What do you folks tend to use most?  

Switching to the a7iii from a 5Dmk3, this has been my greatest challenge.  I was always a manual focus point guy and just had the wheels down so well on my body, that I could find my point and nail the shot so well with my Canon.  

Now with the a7iii I find myself bouncing around and I'm never happy.  Sure with a still shot, it's easy, M.  The other day, for instance, I was a distance from my 2.5YO son jumping from the ottoman to the couch.  I was using the mode I keep hearing about other photographers using, "Wide", but it continually focused on the couch, wall, etc., and not him, the moving subject.  I quickly became frustrated as you have a small window before a 2.5YO does something different and you lose the shot altogether.  

I guess I just need to play more with moving subjects, admittedly I shoot mostly still.  Just wanted to gain your experiences.  Aside from this, I adore my a7iii and wouldn't trade it for the world.


----------



## VidThreeNorth (Jan 26, 2019)

Sony has announced a firmware update for the "a7iii" which is due around April:

*"Sony promises firmware updates for a7 III, a7R III and a9, improving AF", Published Jan 15, 2019 | Richard Butler, Dan Bracaglia*

"Sony promises firmware updates for a7 III, a7R III and a9, improving AF"

For now, I can say that the apparently, the "a7iii" will sometimes work better with "Continuous Auto-Focus" instead of "Single Auto-Focus" which is exactly the opposite of most cameras that I have used, so you might want to try that.  Also, it will not be a surprise that it tends to be lens dependent.

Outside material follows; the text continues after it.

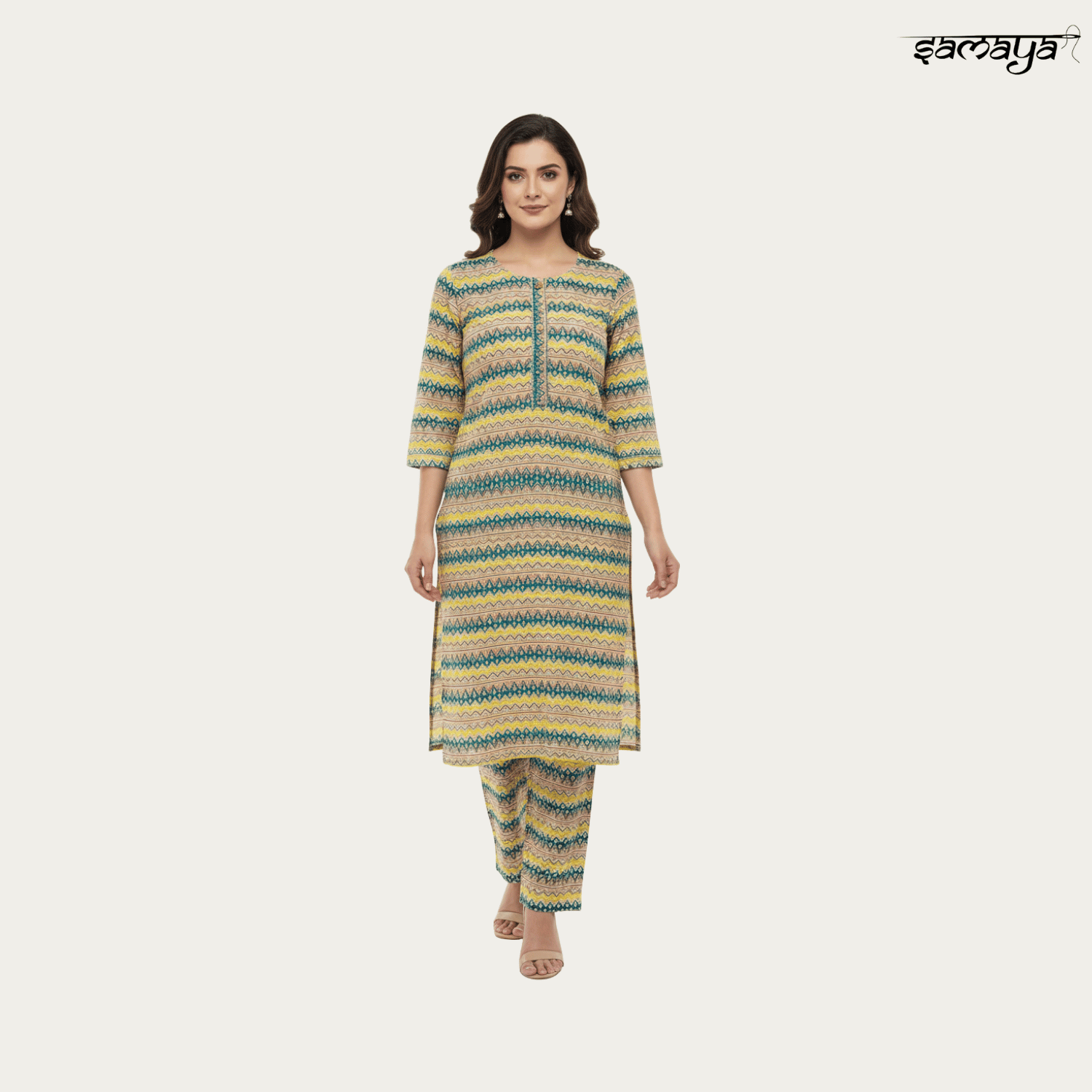 Beige Green Printed Cotton Kurti Set for Office & Festive Wear

I think there's a "focus speed" adjustment too.  For still photography, turning that up a bit might help.  But for video, you will probably want to leave it at default or slower for a "professional focus pull" look.


----------



## VidThreeNorth (Jan 27, 2019)

I remembered this video (not too hard since it was recent) which was actually a comparison between the Sony a7iii and the Nikon Z6, but it shows a series of focus performance tests using a specific lens on both bodies.  In this case, it shows that the Z6 is better at "Single Autofocus" but that the Sony is so much better at "Continuous Autofocus" that it might has well just be used that way all the time.  But that is a particular lens.  My advice would be to look for tests of your favorite lens, or better still, set up a test of your own.

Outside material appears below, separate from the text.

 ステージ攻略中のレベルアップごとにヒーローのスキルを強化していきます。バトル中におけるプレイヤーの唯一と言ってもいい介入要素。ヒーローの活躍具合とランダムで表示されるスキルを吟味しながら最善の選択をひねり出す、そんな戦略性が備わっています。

"Sony a7 III vs Nikon Z6 + Sigma Art 35mm FTZ vs Nikon 35mm f/1.8 S", posted by "Gerald Undone", Dec 9, 2018
"



"


----------



## lance70 (Feb 1, 2019)

R0ck3tm@n said:


> What do you folks tend to use most?
> 
> Switching to the a7iii from a 5Dmk3, this has been my greatest challenge.  I was always a manual focus point guy and just had the wheels down so well on my body, that I could find my point and nail the shot so well with my Canon.
> 
> ...



I use Cont AF for the mode, wide zone and lock-on AF expand flexible spot if someone is moving or an animal etc (put the focus point on your son with those settings and it should stay locked on and track him)...That's by far the most reliable for me when I can't pick up the eye with eye AF.


----------